WHAT THE TASK REQUIRES:
Please return the listing exactly as written, but without its pictures.

DATA FOR PROCESSING:
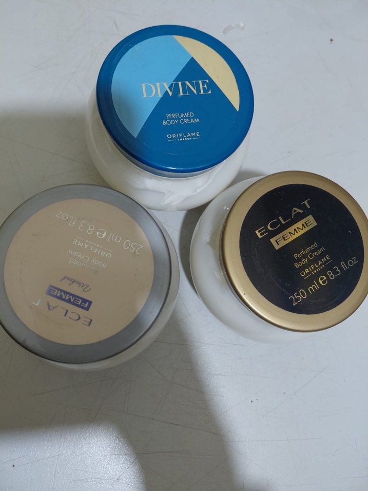 Oriflame Divine ve Eclat parfümlü vücut kremleri, cildi nemlendirir ve hoş koku bırakır. Her biri 250 ml yoğun bakım sağlar.
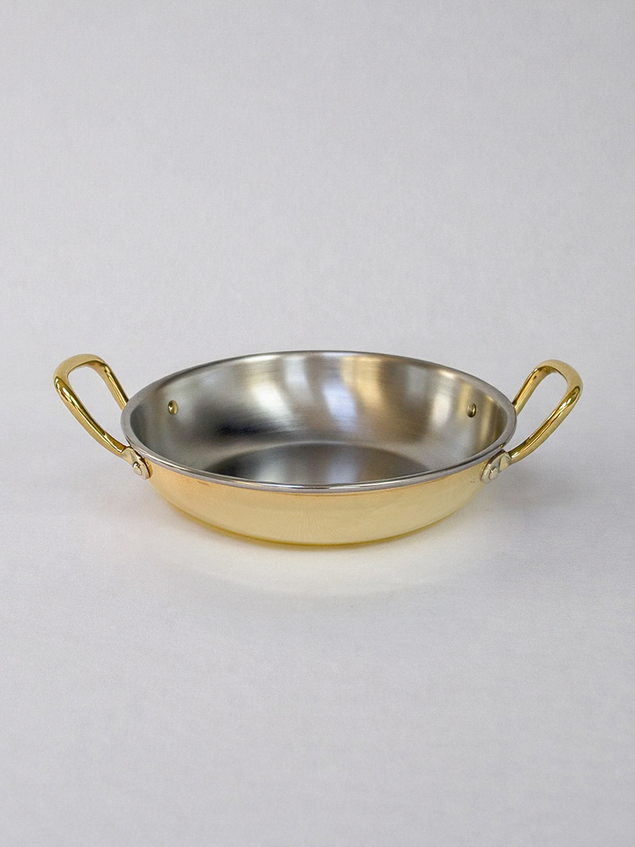 Gibco Сковорода 14х3,5 см с двумя ручками “Бином”, латунная с нержавеющей сталью, полированная
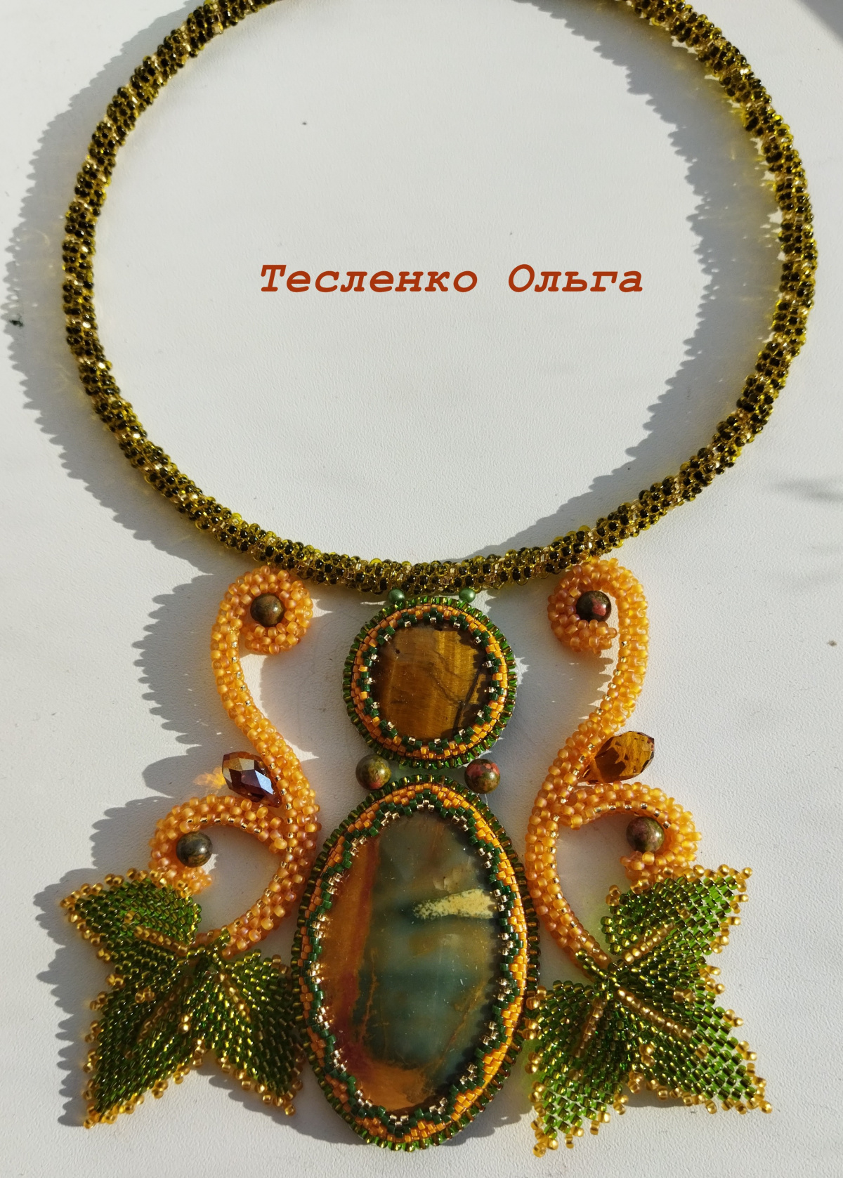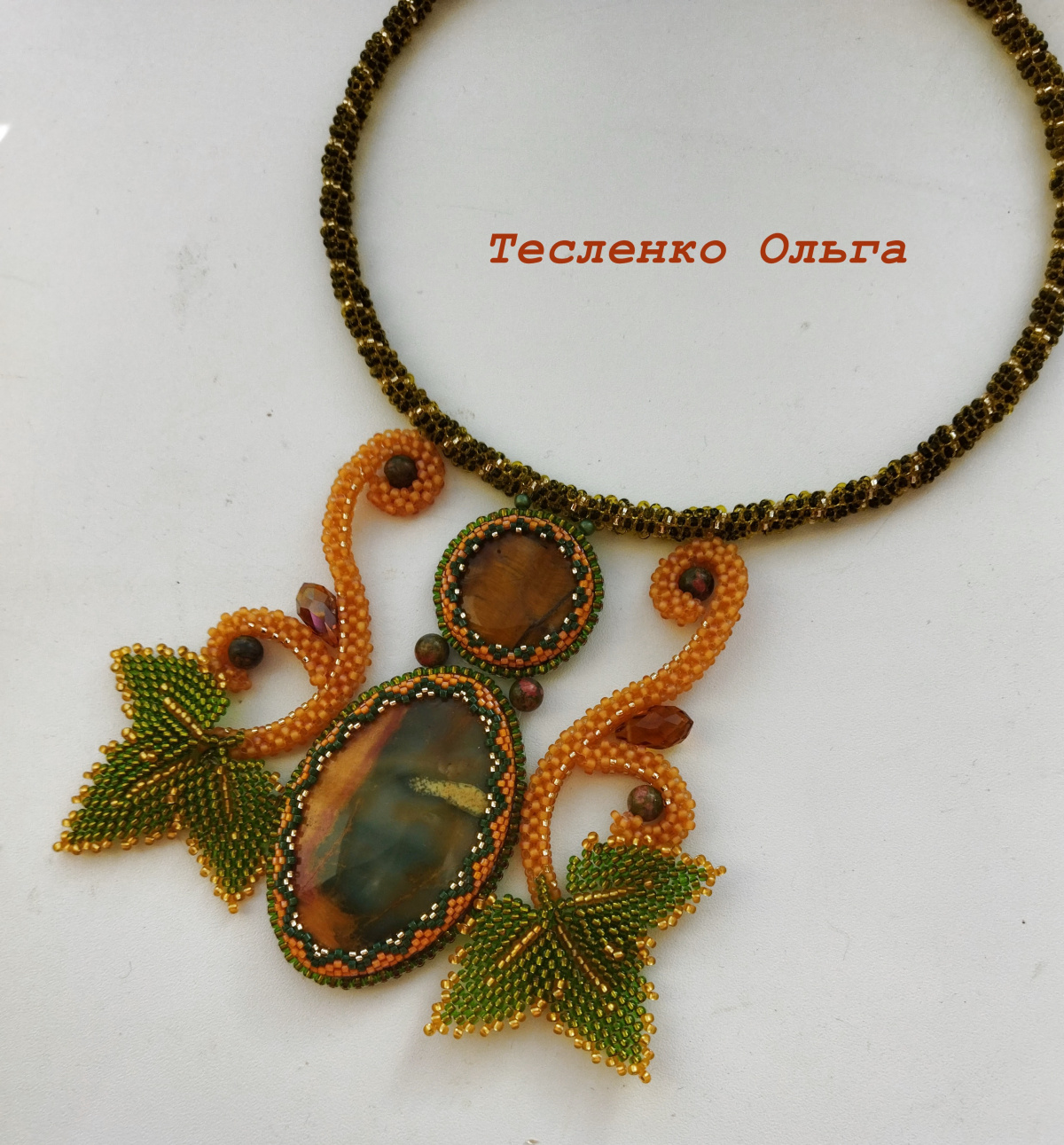 Это колье делала уже зная какое оно будет во всех красках. Камушек не очень красивый и я хотела его оформить так чтоб он заиграл. И мне кажется что это у меня получилось. Он уже уехал в Москву, его взяли на подарок.
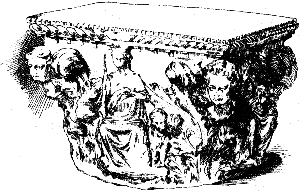 Noch ausschließlicher als in Süditalien und Venedig bleibt in Rom die Thätigkeit der Bildhauer auf rein dekorative Arbeiten beschränkt; ja diese verzichtet selbst auf eigentlich plastische Ornamentik und bildet dafür ein zierliches und farbenreiches musivisches Schmucksystem aus, welches mit Anlehnung an antike Vorbilder aus dem unerschöpflichen Vorrat an römischen Baustücken in wertvollen Steinen aller Art sein Material herbeiholt und gerade durch die Fülle und den Wert desselben zur Ausbildung dieser Dekorationsweise angeregt wurde; als Cosmatenarbeit benannt, weil namentlich der Marmorarius Cosmas und seine Familie dieselbe ausübte. Ein Beispiel dafür, doch schon aus späterer Zeit, bietet die Aschenurne (No. 31).
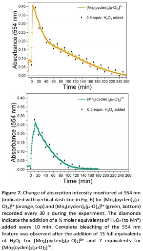 原位UV-Vis證實(shí)[Mn???-(μ-O)?-Mn??]3?二聚體在pyclen體系中可耐受13當(dāng)量H?O?(cyclen僅7當(dāng)量),對(duì)應(yīng)圖7吸光度衰減曲線;
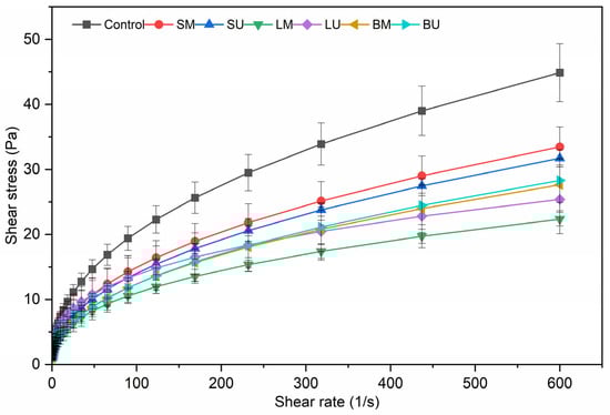 Flow curves of emulsions enriched with phenolic extracts compared to the control. Acronyms: leaves macerated (LM), leaves sonicated (LU), stems macerated (SM), stems sonicated (SU), bracts macerated (BM), and bracts sonicated (BU).
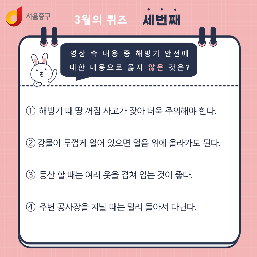 | ('26년 3월) 3. 날씨가 부쩍 따뜻해져 얼음이 녹는 이 시기 해빙기! OO을 주의하라! | |||
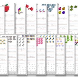 Here is a FREE Pack of Kindergarten Number Printables. Each one includes number writing practice, then writing the number on your own, practicing the number word, writing the word on your own, and finally a number hunt for that number. Click here for more free math resources for homeschoolers!
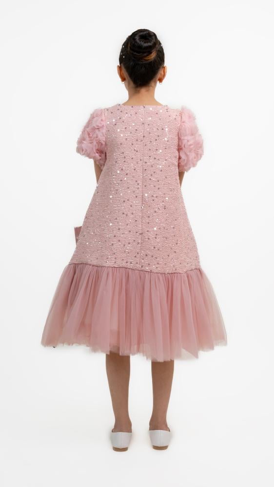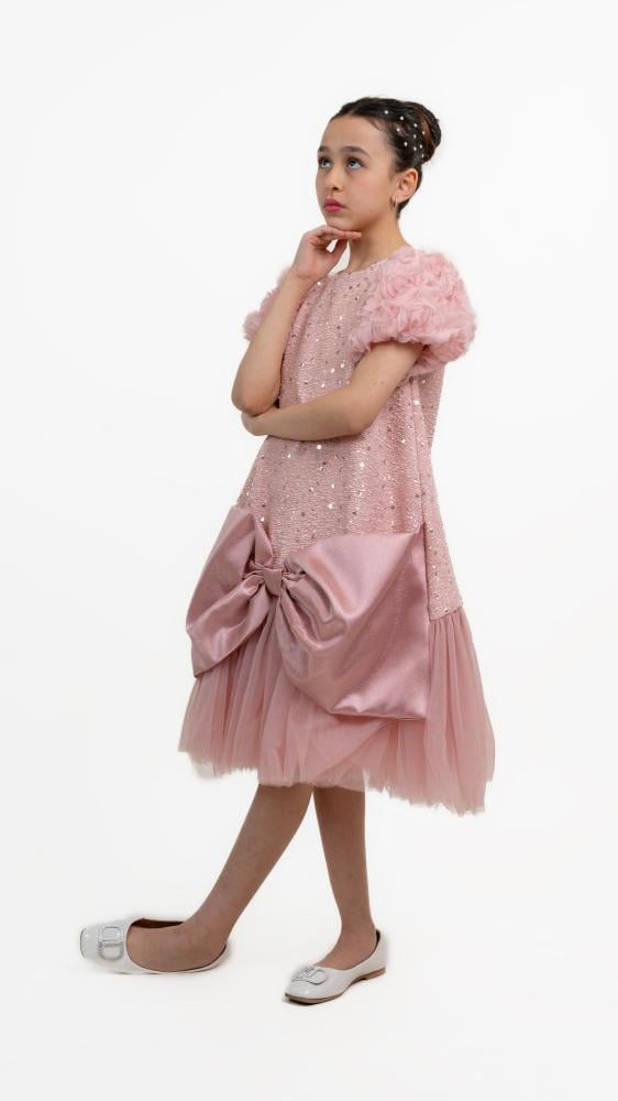 فستان بناتي أنيق بلون وردي هادئ، مزين بتفاصيل براقة. يتميز بأكمام منفوشة مزينة بالورود، مع تنورة تول واسعة وفيونكة كبيرة تضيف لمسة راقية. مثالي للمناسبات الفاخرة.

SOLUTION FOR THIS TASK:
 Oriflame Divine ve Eclat parfümlü vücut kremleri, cildi nemlendirir ve hoş koku bırakır. Her biri 250 ml yoğun bakım sağlar.
 Gibco Сковорода 14х3,5 см с двумя ручками “Бином”, латунная с нержавеющей сталью, полированная
 Это колье делала уже зная какое оно будет во всех красках. Камушек не очень красивый и я хотела его оформить так чтоб он заиграл. И мне кажется что это у меня получилось. Он уже уехал в Москву, его взяли на подарок.
 Noch ausschließlicher als in Süditalien und Venedig bleibt in Rom die Thätigkeit der Bildhauer auf rein dekorative Arbeiten beschränkt; ja diese verzichtet selbst auf eigentlich plastische Ornamentik und bildet dafür ein zierliches und farbenreiches musivisches Schmucksystem aus, welches mit Anlehnung an antike Vorbilder aus dem unerschöpflichen Vorrat an römischen Baustücken in wertvollen Steinen aller Art sein Material herbeiholt und gerade durch die Fülle und den Wert desselben zur Ausbildung dieser Dekorationsweise angeregt wurde; als Cosmatenarbeit benannt, weil namentlich der Marmorarius Cosmas und seine Familie dieselbe ausübte. Ein Beispiel dafür, doch schon aus späterer Zeit, bietet die Aschenurne (No. 31).
 原位UV-Vis證實(shí)[Mn???-(μ-O)?-Mn??]3?二聚體在pyclen體系中可耐受13當(dāng)量H?O?(cyclen僅7當(dāng)量),對(duì)應(yīng)圖7吸光度衰減曲線;
 Flow curves of emulsions enriched with phenolic extracts compared to the control. Acronyms: leaves macerated (LM), leaves sonicated (LU), stems macerated (SM), stems sonicated (SU), bracts macerated (BM), and bracts sonicated (BU).
 | ('26년 3월) 3. 날씨가 부쩍 따뜻해져 얼음이 녹는 이 시기 해빙기! OO을 주의하라! | |||
 Here is a FREE Pack of Kindergarten Number Printables. Each one includes number writing practice, then writing the number on your own, practicing the number word, writing the word on your own, and finally a number hunt for that number. Click here for more free math resources for homeschoolers!
 فستان بناتي أنيق بلون وردي هادئ، مزين بتفاصيل براقة. يتميز بأكمام منفوشة مزينة بالورود، مع تنورة تول واسعة وفيونكة كبيرة تضيف لمسة راقية. مثالي للمناسبات الفاخرة.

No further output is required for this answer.